# Warning: check your date of arrival!



## GM1 (Sep 30, 2008)

My son travelled on the 27th of JANUARY and came back on the 3rd of FEBRUARY. 
Today he found out that they stamped his passport as arriving on the 3rd of JANUARY!!!
He went to the Mogamma, and they told him that if he doesn't do anything about it, he would have a big problem next time when travelling!
The way his passport is stamped at the moment, looks like he left Egypt and hasn't come back. It looks like he is officially illegal in Egypt now!
So everyone please check your passports!

This is really crazy, they make a very, very stupid mistake and you have to solve it, otherwise they will blame you.


----------



## MaidenScotland (Jun 6, 2009)

Of course they will blame us, no official has ever admitted to being wrong,


----------



## Homeless (Jul 31, 2012)

MaidenScotland said:


> Of course they will blame us, no official has ever admitted to being wrong,


I had a Similar stamping error and was not aware of it till I was leaving the country.

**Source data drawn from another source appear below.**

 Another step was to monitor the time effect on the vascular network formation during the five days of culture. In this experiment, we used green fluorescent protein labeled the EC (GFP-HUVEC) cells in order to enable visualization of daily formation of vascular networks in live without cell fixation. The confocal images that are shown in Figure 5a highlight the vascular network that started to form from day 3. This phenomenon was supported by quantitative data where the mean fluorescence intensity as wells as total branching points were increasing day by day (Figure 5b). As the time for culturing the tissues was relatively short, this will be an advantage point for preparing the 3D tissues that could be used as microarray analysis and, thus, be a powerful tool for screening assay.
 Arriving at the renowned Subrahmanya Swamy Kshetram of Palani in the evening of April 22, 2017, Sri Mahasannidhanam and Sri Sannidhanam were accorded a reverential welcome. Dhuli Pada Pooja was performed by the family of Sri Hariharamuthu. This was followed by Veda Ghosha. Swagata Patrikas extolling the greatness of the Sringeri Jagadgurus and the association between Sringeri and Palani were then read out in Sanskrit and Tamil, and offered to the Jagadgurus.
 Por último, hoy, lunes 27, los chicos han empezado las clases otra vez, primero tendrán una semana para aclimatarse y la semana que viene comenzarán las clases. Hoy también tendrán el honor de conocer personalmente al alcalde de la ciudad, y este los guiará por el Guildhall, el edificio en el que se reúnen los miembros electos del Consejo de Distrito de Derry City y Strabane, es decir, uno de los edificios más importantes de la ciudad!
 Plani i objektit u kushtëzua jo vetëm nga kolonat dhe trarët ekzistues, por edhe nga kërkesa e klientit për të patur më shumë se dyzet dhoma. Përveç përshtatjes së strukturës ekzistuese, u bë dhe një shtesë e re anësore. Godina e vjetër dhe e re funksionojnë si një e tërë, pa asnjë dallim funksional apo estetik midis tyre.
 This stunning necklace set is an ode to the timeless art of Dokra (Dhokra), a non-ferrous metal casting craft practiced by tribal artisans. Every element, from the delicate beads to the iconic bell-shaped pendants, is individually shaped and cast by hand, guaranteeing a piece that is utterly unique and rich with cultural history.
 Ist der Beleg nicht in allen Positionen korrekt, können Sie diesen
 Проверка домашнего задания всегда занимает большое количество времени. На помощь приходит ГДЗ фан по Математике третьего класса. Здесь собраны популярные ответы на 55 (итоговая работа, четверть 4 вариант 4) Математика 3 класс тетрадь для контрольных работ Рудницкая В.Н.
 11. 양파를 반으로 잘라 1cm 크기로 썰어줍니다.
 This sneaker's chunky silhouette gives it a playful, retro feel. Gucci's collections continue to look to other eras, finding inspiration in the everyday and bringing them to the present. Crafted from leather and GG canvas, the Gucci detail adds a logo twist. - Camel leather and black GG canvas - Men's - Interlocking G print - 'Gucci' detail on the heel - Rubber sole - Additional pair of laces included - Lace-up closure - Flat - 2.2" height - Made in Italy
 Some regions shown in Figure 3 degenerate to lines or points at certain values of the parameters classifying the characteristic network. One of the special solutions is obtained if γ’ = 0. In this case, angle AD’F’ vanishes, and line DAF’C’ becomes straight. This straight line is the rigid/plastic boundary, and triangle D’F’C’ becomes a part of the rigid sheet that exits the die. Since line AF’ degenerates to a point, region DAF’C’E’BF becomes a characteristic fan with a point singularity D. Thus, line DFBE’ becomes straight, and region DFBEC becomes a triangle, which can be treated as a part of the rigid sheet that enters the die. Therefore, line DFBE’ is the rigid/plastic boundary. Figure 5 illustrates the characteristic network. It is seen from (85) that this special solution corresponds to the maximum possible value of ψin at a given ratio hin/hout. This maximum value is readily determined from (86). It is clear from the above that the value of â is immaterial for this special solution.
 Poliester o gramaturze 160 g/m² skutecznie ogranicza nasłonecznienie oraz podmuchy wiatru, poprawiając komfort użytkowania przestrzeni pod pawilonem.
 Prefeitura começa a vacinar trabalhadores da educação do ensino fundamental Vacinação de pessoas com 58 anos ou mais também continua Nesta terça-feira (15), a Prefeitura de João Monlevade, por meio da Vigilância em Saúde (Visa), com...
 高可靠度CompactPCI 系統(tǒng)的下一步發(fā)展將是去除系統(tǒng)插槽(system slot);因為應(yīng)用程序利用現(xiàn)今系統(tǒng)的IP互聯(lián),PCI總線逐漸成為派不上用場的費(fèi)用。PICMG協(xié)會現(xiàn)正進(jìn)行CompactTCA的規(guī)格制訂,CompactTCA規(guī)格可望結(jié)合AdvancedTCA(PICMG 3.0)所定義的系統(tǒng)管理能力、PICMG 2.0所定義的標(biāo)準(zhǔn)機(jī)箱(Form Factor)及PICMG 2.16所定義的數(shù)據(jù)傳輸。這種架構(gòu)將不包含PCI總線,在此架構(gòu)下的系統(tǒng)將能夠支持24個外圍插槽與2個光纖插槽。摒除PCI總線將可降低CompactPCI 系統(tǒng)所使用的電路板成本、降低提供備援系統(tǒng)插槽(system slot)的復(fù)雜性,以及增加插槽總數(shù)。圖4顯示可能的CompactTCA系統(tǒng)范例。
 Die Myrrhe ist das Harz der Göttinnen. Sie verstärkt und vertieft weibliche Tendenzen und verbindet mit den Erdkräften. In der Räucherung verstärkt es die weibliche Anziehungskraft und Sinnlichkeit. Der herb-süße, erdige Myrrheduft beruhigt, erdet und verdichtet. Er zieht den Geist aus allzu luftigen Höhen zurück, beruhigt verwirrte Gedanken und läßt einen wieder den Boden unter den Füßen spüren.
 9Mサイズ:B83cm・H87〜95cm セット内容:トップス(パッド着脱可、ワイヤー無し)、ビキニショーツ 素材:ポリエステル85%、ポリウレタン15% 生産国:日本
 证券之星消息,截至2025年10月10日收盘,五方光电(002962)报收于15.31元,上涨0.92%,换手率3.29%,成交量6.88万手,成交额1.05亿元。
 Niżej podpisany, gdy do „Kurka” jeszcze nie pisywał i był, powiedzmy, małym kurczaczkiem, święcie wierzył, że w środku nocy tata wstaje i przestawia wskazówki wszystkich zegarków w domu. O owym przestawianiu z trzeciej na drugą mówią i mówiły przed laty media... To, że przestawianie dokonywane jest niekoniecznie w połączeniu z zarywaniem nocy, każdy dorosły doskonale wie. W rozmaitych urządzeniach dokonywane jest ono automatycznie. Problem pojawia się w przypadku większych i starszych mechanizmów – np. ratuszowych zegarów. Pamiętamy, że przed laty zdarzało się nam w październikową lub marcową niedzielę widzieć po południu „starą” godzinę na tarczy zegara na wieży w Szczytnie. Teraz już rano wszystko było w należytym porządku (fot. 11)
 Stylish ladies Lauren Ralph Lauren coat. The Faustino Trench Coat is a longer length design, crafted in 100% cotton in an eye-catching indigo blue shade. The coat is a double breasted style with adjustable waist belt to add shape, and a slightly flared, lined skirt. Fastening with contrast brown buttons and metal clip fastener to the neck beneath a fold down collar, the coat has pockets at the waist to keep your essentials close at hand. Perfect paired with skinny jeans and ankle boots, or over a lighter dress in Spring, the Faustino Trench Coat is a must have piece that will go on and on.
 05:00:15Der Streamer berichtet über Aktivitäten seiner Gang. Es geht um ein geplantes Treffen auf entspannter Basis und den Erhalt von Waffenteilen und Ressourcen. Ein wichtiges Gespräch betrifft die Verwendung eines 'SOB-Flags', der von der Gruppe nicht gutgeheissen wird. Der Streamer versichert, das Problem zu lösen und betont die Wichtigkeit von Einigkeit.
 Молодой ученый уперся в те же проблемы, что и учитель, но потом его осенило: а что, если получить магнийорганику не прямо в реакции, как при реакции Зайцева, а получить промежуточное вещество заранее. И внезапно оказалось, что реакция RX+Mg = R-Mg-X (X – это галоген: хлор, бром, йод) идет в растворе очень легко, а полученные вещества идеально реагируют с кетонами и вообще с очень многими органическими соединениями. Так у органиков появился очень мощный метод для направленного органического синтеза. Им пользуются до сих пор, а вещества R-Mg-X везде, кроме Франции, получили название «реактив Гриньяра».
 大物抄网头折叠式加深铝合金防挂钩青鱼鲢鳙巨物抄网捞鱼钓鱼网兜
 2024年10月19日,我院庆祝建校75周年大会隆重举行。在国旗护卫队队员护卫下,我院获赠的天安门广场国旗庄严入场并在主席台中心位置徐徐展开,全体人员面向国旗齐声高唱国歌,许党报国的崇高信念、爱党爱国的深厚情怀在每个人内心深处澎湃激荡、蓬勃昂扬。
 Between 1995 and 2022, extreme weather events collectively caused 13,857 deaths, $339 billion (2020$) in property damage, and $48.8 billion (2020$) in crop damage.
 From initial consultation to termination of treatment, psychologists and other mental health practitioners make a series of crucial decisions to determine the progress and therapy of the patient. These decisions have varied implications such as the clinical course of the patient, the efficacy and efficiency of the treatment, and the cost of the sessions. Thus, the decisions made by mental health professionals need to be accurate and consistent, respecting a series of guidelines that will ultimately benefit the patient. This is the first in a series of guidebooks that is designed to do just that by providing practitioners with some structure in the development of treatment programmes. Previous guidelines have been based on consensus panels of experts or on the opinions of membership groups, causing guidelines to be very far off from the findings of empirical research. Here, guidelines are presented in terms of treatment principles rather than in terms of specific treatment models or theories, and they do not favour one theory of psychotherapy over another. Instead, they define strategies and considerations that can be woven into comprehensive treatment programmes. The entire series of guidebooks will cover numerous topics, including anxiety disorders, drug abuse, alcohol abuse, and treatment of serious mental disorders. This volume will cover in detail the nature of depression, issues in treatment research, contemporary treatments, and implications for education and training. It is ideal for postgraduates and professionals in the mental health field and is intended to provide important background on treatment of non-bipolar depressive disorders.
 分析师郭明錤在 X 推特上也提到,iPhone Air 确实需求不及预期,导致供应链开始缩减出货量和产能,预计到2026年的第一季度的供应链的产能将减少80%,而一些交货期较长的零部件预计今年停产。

After checking my bags and getting the boarding pass, passport control refused to let me exit the country and asked me to go correct it at some goverment office. It was 2:00 AM! 
I spent the morning getting the run around and decided to give up before I kill someone. Then it suddenly came to me.
I flew to Sharm then to Dahab and went on a speed boat trip to Petra. It is a one day trip to Petra. I went through a makeshift passport control that is set up just for the speed boat passengers. Very quick and simple checks. I got the exit stamp and on the way back the correct entry stamp.
A couple of days later I was in Cairo airport and went through passport control there without a problem.


----------



## SunshineBarley (Jun 24, 2011)

Sorry but I dont see what the problem is, just write in pen a no.2 infront of it, its what they did in my husbands when we applied for a year long tourist visa, they put the wrong year, we went back and they changed it with a pen - who is to know


----------



## GM1 (Sep 30, 2008)

The month is written in Arabic letters, not in numbers.


----------